As Hal Varian & Carl Shapiro note in the outstanding Information
Rules: A Strategic Guide to the Network Economy
(Boston, Harvard Business School Press 99) "Ignore
basic economic principles at your risk. Technology
changes. Economic laws do not".
witch doctor dot com
We enjoyed the cautionary tales in The Witch Doctors - What the Management Gurus Are Saying, Why It Matters & How To Make Sense Of It (London,
Heinemann 96) by John Micklethwait & Adrian Wooldridge and Dangerous Company (London,
Brealey 97) by James O'Shea & Charles Madigan.
They're entertaining and useful reading before hiring any
management consultants.
Stuart Crainer's Gravy Training:
Inside the Business of Business Schools (Oxford, Capstone 98)

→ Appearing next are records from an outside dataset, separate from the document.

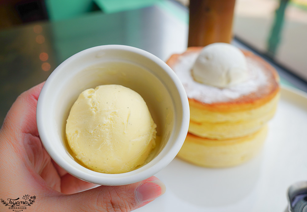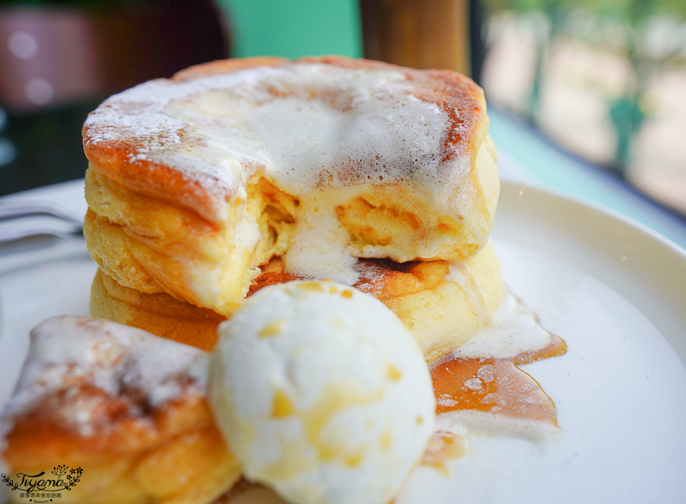 我心心念念的舒芙蕾鬆餅,終於來了!!附上一球能看見很多香草籽的香草冰淇淋
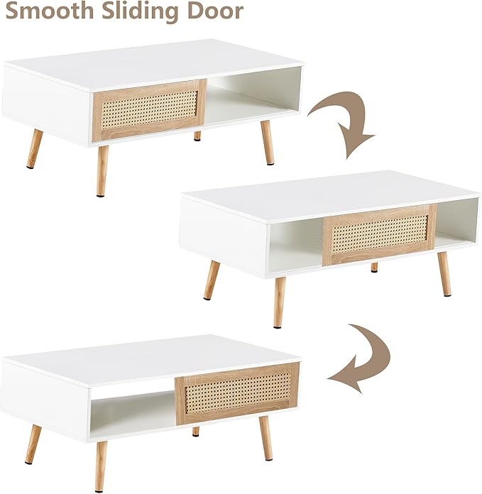 - 【Rattan Design】Our farmhouse boho coffee table with rattan door design, which matches the white surface. With a fashionable and unique appearance, the classic and simple shape of the rattan coffee table will be suitable for different styles of rooms, office, living room, guest room or bedroom as a center table, end table, or sofa table. The farmhouse boho coffee tablewill be the perfect addition to any home.
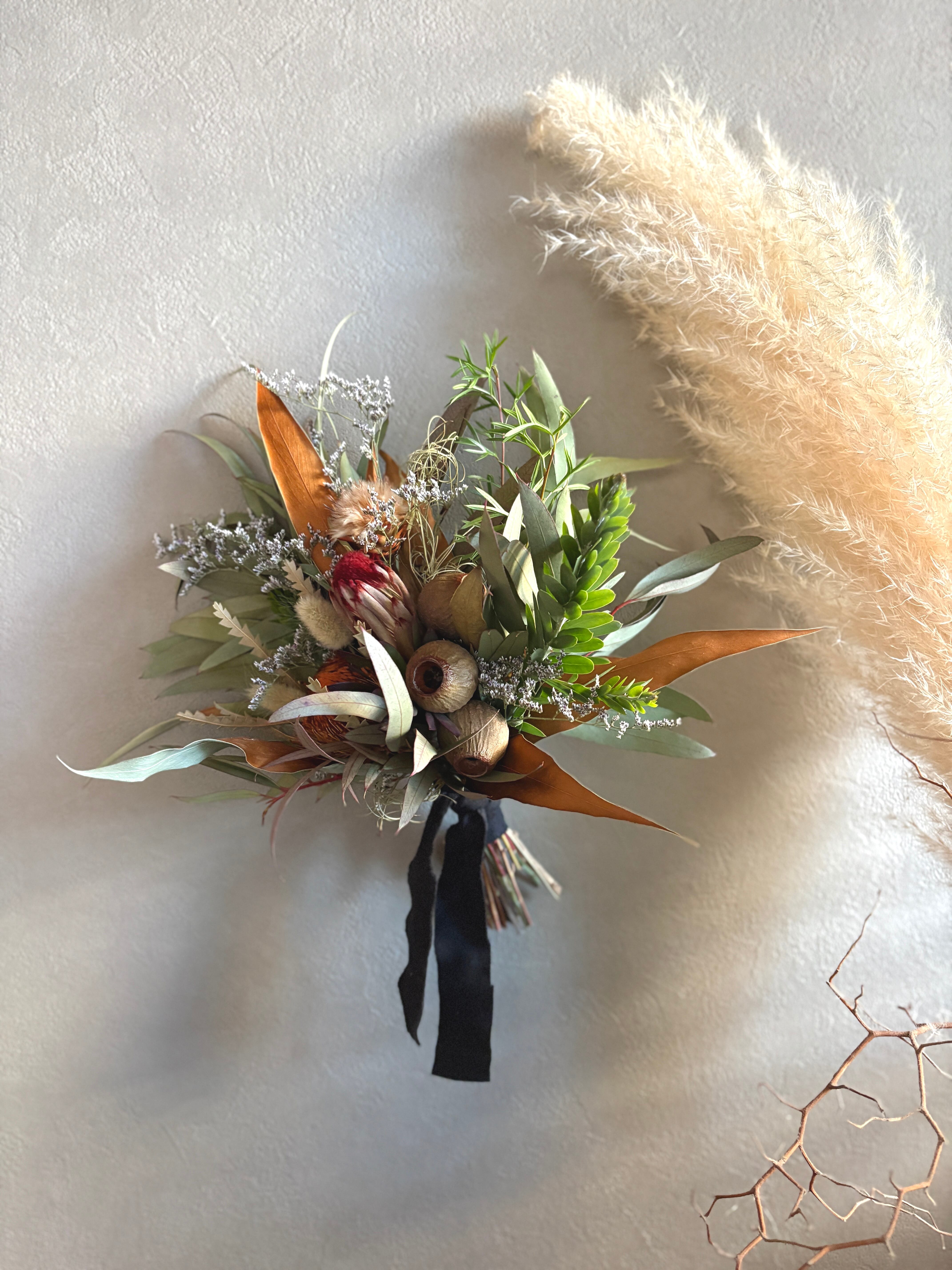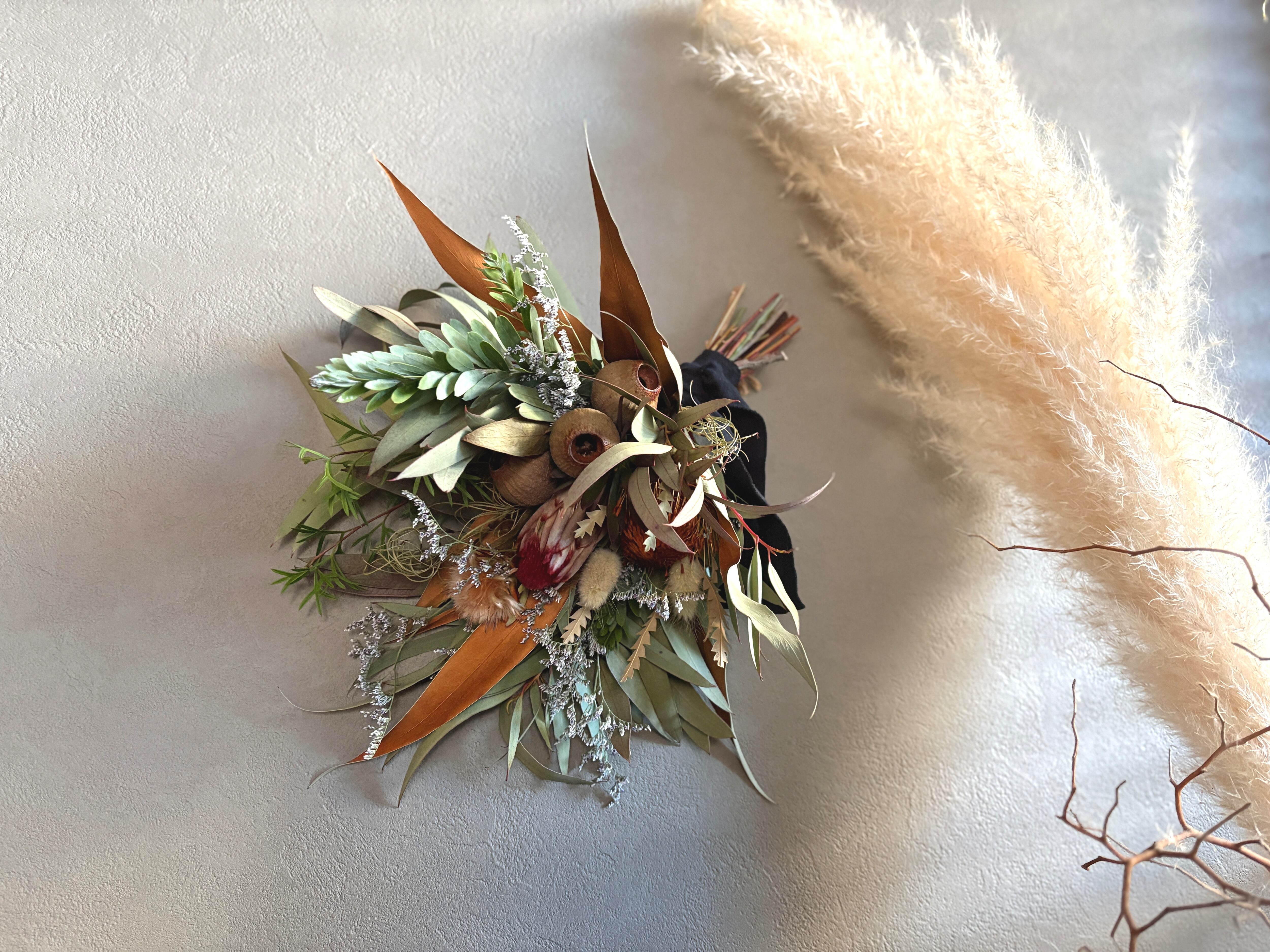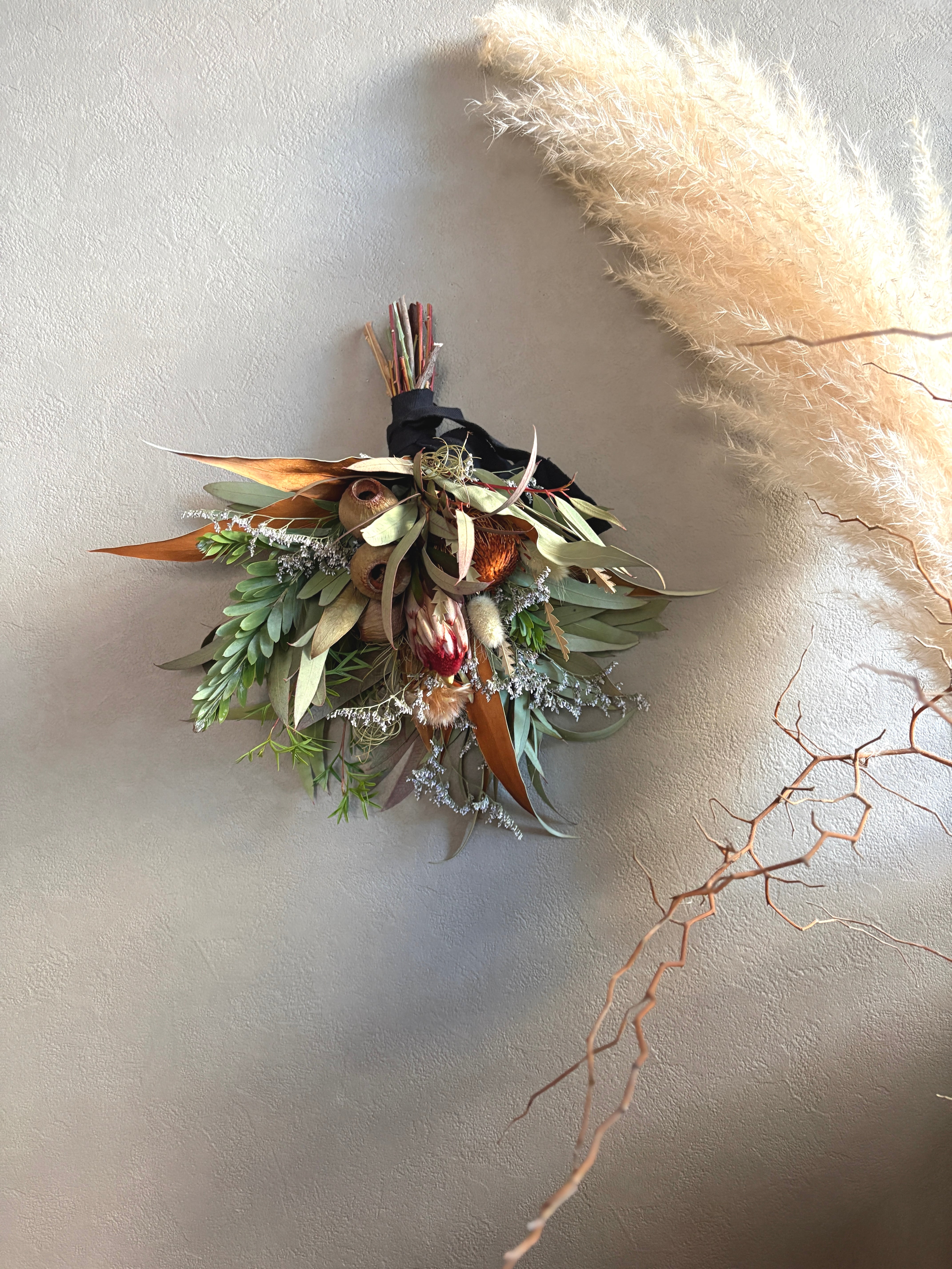 フォルモーサ、グレビレアゴールド、ベルガムナッツ、リューカデンドロンなどネイティブプランツもたっぷり束ねたスワッグに仕上げました。

offers a jaundiced but often perceptive account of the MBA factories and the
latest dogmas about doing business online. It builds on his irreverent
examination of Tom Peters - Corporate Man To Corporate Skunk (New
York, HarperBusiness 97). Lewis Pinault's Consulting Demons: Inside
the Unscrupulous World of Global Corporate Consulting (New
York, HarperBusiness 00) is an unpleasant self-absorbed
account by a former demon.
Connoisseurs of planning fads can't go past Henry Mintzberg's The Rise & Fall of Strategic Planning
(New York, Prentice-Hall 94), an incisive corrective to the reincarnations of Tom Peters &
Co, and Strategy Safari: A Guided Tour Through The Wilds of Strategic Management (New York, Simon & Schuster 98), co-authored
with Bruce Ahlstrand & Joseph Lampel.
Alfred Chandler's magisterial works - in particular The Visible Hand:
The Managerial Revolution in American Business (Cambridge, Harvard
Uni Press 80) and Scale & Scope: The Dynamics of Industrial
Capitalism (Cambridge, Harvard Uni Press 90) - are a starting point
for understanding what's lasted .... and why.
As a reminder that there are no silver bullets Paul
Strassmann in
The Squandered Computer - Evaluating the Business Alignment of Information Technologies
(New Canaan, Information Economics Press 97) provides a detailed analysis of outsourcing, usability, IT consultants and best
practice. His Information Productivity: Assessing
the Information Management Costs
of
U.S. Industrial Corporations
(New
Canaan, Information Economics Press 99)
is also provocative.
Michael McGill's American Business
& the Quick Fix (New York, Holt 88) retains its relevance as an
analysis of management fads, fixes and phobias: quality circles, matrix
management, managerial grids .....
When we first published this page we said that he writing today Prof McGill
would have a lovely time with the dot com mantras - embrace the free,
hug the void - and the spectre of one-minute managers competing on
internet time. Since that time we've read The 10 Second Internet
Manager.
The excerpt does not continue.